The voice came from above him.  His ears were still ringing, but it seemed the stone which trapped him was speaking.  He cracked one eye open, too tired to focus, to reassure himself that someone had, indeed, called out to him.  Sunlight greeted him as he looked up, glaringly bright after the darkness of his entombment.  He saw the silhouettes of several men standing at the top of the slanted slab of stone that was once the ceiling of the throne room.  Finally!  Someone had come to get him out of there.
“Thank Archana!”  He exclaimed out loud.
Pebble bounded over to his side and looked up.
“He's a'right.  I told him to's lit the tip, not burn's a hole in the roofs.  It's not my fault!”  Then he looked at Osric.  “Got so's bright in here you's sword look’d bright too!”
This makes no sense.  I burned this hole? Osric's thoughts raced as the bright light made his head pound even harder.
“You did this, didn’t you?”  Osric asked the men standing above him.
“No, sir.”  Osric recognized the voice of the recruit, Dru.  “We came rushing as fast as we could when we saw the bright light shoot into the sky.  The section of stone that is gone from here is just dust, scattered all over out there now.”  He said, motioning behind his head.  “We thought you must be dying, and so you did this to get help in a panic.”
Osric’s mind reeled as he tried to process all that had happened.  Too many unexplained magical events had taken place lately.  He sat up slowly, feeling each muscle protest in agony.

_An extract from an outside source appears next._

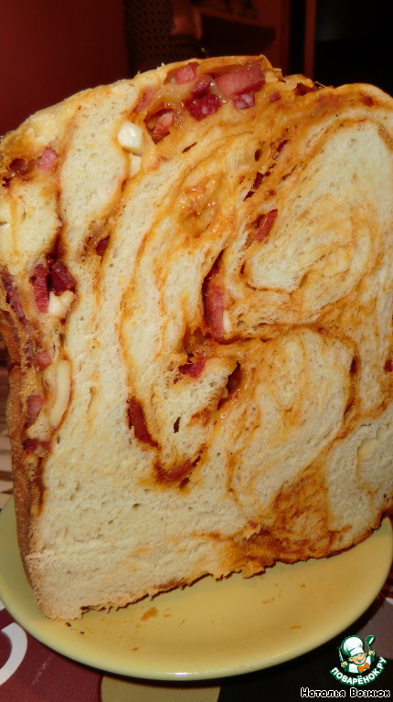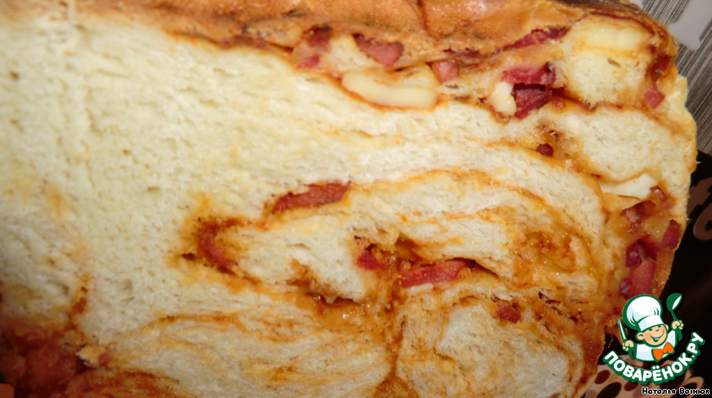 | С моими любителями выпечки, особенно несладкой, приходится выдумывать иногда... Вот такой хлебушек получился, а внутри его вкуснятина - пицца! Кусочки сыра расплавились и интересно растеклись внутри... чем больше видов сыра положить, тем интереснее, я взяла 2 вида... хотя и с одним можно уже порадовать своих любителей пиццы. Можно печь как я в хлебопечке, а можно и формы разнообразные использовать. |

“Did Kenneth survive?”  Osric suddenly had a terrifying vision of his best friend being crushed by the walls of the palace.  “Was he thrown far enough away to avoid falling debris?”
“Thrown free, sir?” Dru sounded as confused as Osric felt.
“Of the explosion!”  He shouted.  “What do you think caused this?”  He indicated the rubble surrounding himself and Pebble.
“We don't know, sir.”  He stated in apologetic defensiveness.  “Kenneth said nothing about an explosion, sir.  Neither did James.  They said they were just standing there,” parting his hands in explanation, “when four unicorn's came running up.  Three stopped at the door and the other one ran inside.”  He hesitated before continuing.  “Then, moments later, the entire palace just collapsed in on itself.”